> _Work to complete_
Here the job is to repeat the listing exactly, but not the pictures in it.

> _Source material_
==================================================
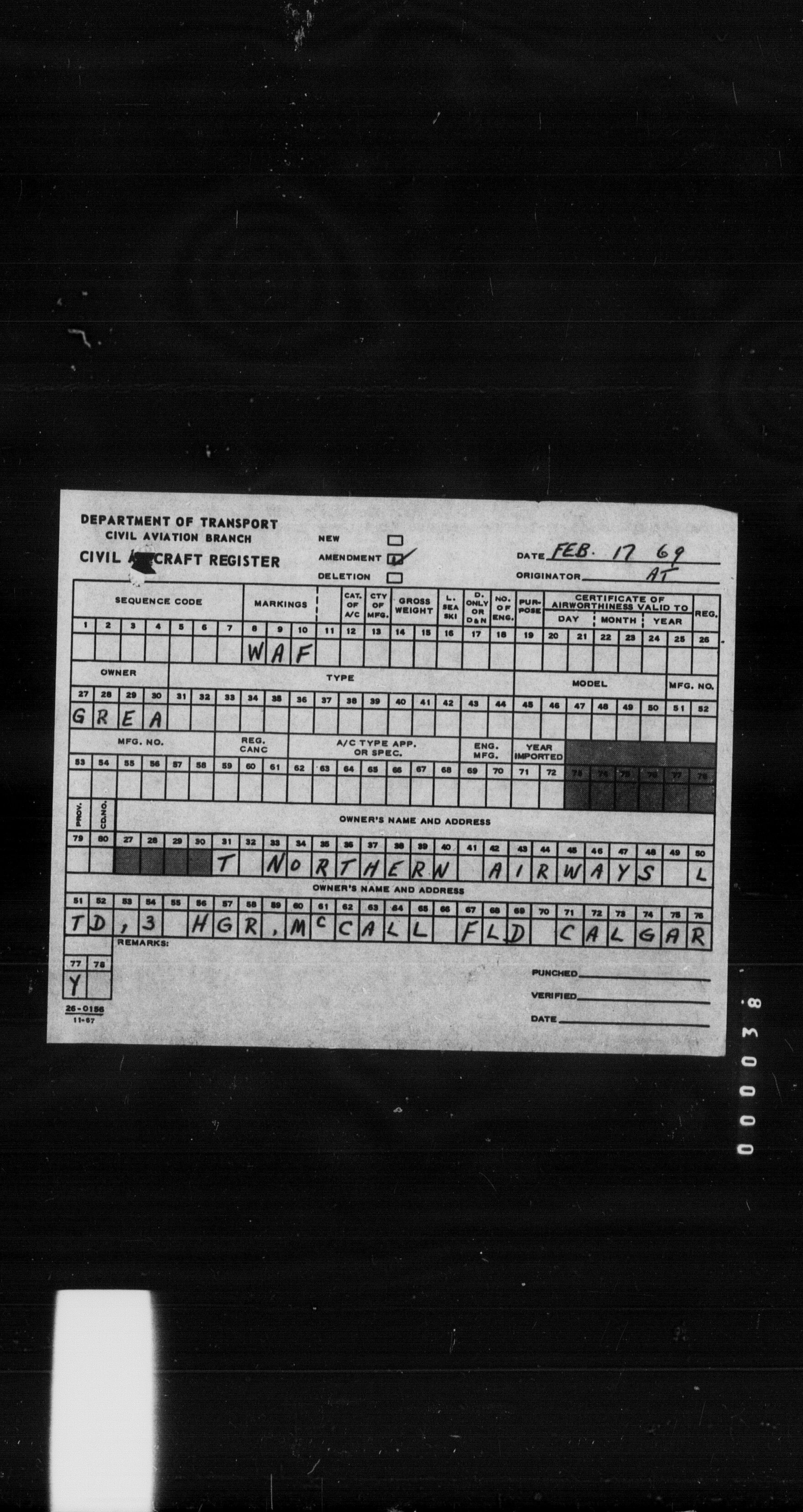 Department of Transport : Civil aircraft registration, inspection and operation files, block 5008, 1920-1986
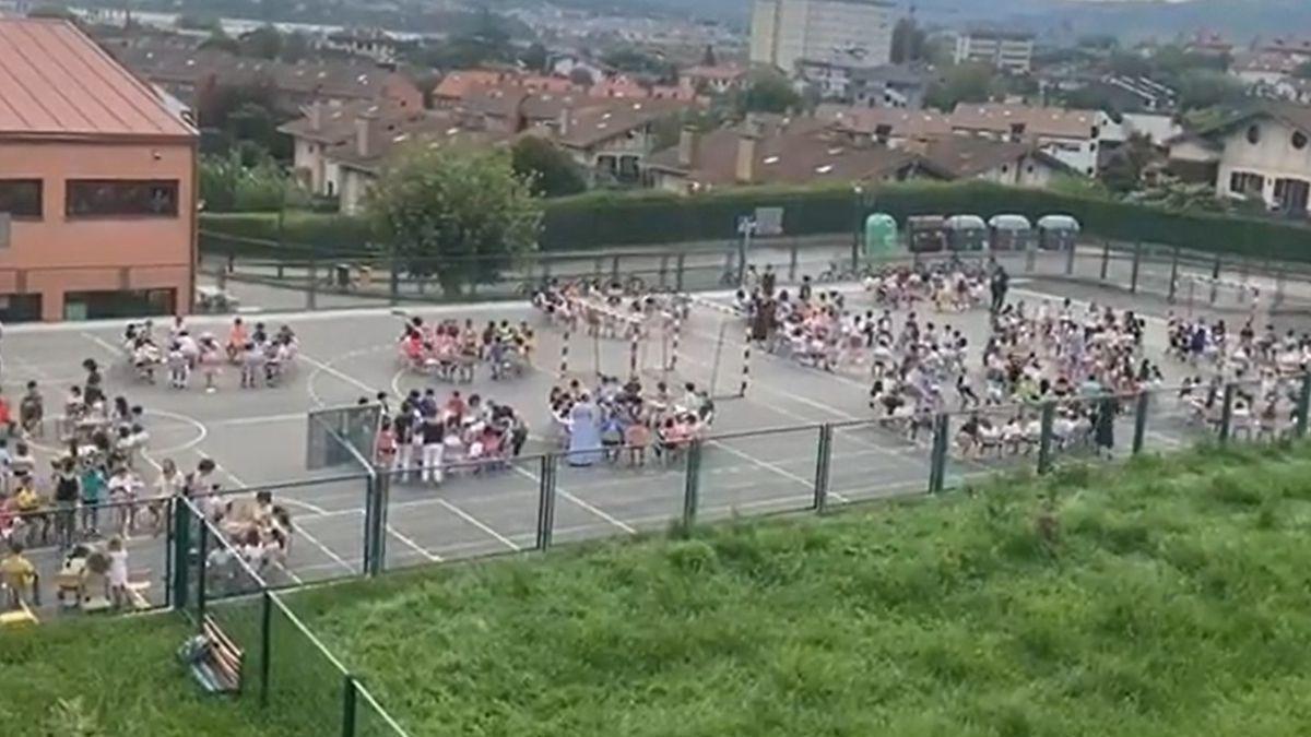 La Asociación de Familias del colegio público Talaia, de Hodarribia, ha denunciado este jueves en las redes sociales que los alumnos han tenido que dar clase en el patio debido a la mala situación en la que se encuentran las instalaciones del centro escolar.
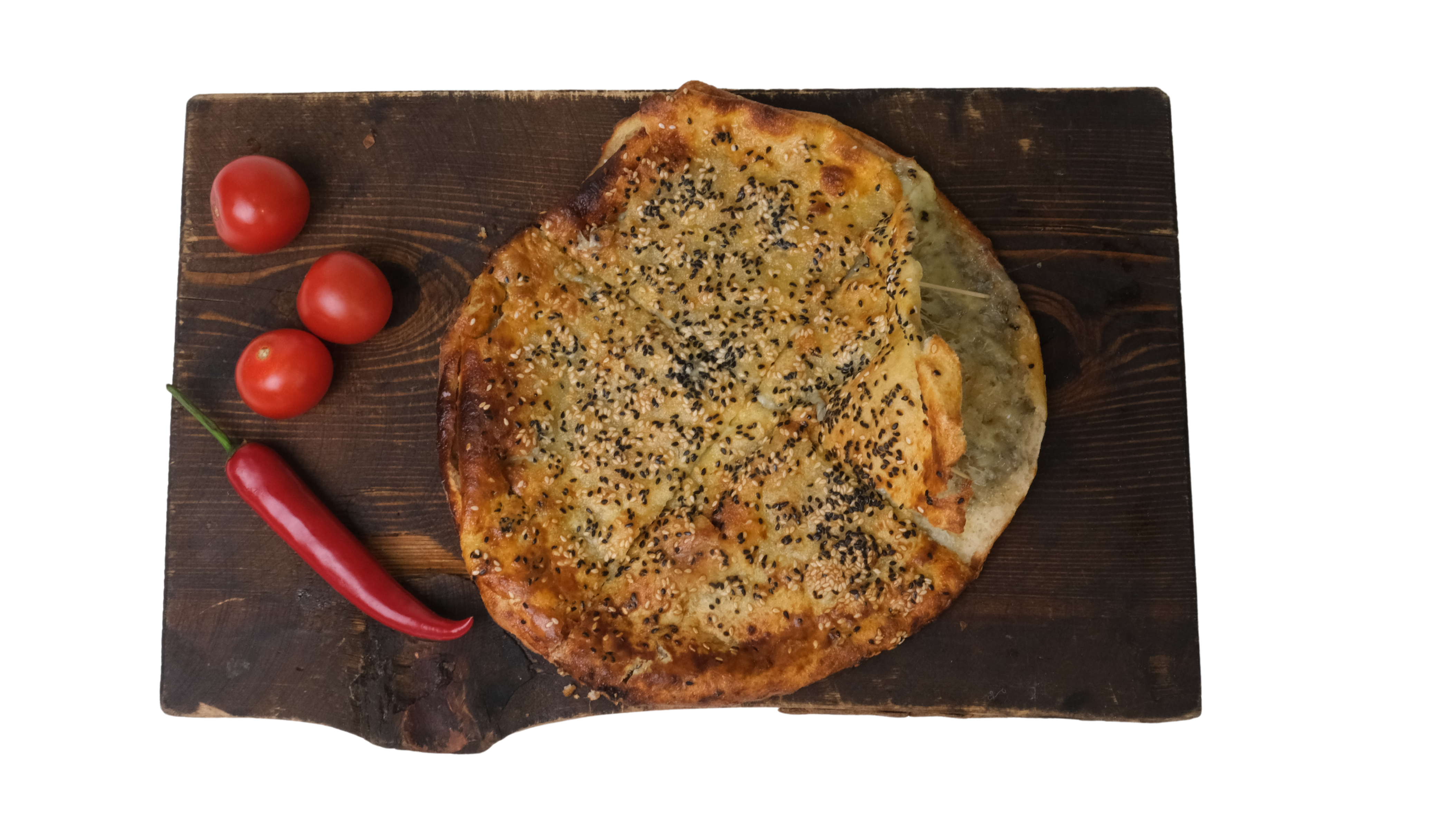 Anadolu otlu pide geleneğinin taş fırın yorumu; ince hamur üzerine serpiştirilen bol kekikle aromatik, hafif ve lezzetli bir seçenek sunar.
==================================================
> _Response area_
 Department of Transport : Civil aircraft registration, inspection and operation files, block 5008, 1920-1986
 La Asociación de Familias del colegio público Talaia, de Hodarribia, ha denunciado este jueves en las redes sociales que los alumnos han tenido que dar clase en el patio debido a la mala situación en la que se encuentran las instalaciones del centro escolar.
 Anadolu otlu pide geleneğinin taş fırın yorumu; ince hamur üzerine serpiştirilen bol kekikle aromatik, hafif ve lezzetli bir seçenek sunar.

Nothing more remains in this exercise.